**EXERCISE BRIEF:** Find and copy each line of the records where the string "para" shows up.

**RECORD EXTRACTS:**
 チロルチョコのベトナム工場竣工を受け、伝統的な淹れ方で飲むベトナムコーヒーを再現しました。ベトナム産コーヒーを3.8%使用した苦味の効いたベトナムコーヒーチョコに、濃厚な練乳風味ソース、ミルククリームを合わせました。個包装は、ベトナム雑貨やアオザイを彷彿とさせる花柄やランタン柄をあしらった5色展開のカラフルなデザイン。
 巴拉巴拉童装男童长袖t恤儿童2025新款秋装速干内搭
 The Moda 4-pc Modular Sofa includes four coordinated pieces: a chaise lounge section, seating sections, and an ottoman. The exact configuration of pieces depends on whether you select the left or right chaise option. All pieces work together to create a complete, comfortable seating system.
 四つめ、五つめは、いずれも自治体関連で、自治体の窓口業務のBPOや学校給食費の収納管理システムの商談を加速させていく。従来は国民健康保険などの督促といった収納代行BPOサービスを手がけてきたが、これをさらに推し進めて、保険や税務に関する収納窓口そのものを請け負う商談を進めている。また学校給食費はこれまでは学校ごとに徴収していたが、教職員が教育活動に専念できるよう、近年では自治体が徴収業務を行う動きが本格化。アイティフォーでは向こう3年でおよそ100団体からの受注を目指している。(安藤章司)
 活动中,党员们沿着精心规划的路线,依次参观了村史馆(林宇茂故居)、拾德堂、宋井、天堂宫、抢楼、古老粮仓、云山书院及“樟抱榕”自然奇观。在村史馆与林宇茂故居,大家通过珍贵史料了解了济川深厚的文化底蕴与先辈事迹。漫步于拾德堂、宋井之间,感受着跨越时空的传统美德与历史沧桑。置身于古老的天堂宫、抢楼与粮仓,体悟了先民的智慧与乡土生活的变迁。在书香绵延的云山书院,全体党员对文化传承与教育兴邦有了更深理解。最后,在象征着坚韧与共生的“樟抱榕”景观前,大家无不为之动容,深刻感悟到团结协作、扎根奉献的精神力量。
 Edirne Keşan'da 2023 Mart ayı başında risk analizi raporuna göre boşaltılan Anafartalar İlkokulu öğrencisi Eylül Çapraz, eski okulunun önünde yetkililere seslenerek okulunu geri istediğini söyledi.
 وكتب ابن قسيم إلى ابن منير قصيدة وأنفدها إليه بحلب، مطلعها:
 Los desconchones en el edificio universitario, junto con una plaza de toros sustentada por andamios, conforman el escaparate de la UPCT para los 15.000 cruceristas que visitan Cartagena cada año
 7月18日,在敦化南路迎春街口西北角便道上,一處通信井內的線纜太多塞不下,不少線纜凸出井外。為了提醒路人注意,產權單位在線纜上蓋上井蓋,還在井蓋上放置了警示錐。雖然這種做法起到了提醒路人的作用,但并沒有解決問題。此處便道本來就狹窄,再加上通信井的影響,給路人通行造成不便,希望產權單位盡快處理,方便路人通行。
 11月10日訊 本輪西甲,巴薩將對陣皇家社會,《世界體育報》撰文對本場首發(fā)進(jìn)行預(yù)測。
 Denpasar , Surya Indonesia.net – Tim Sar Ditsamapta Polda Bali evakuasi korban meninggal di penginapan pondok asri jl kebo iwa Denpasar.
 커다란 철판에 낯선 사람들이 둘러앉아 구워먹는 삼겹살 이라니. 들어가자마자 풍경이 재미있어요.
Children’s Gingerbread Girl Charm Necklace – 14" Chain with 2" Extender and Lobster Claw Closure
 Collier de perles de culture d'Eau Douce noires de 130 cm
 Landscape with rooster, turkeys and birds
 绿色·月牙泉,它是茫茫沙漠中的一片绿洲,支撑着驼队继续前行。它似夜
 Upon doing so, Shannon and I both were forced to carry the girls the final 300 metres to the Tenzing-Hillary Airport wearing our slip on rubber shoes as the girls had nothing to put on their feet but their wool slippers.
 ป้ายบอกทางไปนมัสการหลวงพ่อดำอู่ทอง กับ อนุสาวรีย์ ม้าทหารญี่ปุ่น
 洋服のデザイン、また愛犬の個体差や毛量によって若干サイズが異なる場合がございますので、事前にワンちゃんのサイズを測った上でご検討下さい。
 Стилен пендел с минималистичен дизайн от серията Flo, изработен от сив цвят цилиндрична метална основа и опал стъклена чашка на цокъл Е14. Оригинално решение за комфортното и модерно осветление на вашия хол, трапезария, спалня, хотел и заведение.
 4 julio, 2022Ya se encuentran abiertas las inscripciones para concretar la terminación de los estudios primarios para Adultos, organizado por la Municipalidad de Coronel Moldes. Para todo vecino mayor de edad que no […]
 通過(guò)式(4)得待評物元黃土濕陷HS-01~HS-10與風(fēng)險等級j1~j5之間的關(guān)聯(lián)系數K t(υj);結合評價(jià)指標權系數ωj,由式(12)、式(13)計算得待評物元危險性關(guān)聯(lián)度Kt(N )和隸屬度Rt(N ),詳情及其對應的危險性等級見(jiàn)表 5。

**SOLUTION TO THE PROBLEM:**
 Los desconchones en el edificio universitario, junto con una plaza de toros sustentada por andamios, conforman el escaparate de la UPCT para los 15.000 cruceristas que visitan Cartagena cada año
 4 julio, 2022Ya se encuentran abiertas las inscripciones para concretar la terminación de los estudios primarios para Adultos, organizado por la Municipalidad de Coronel Moldes. Para todo vecino mayor de edad que no […]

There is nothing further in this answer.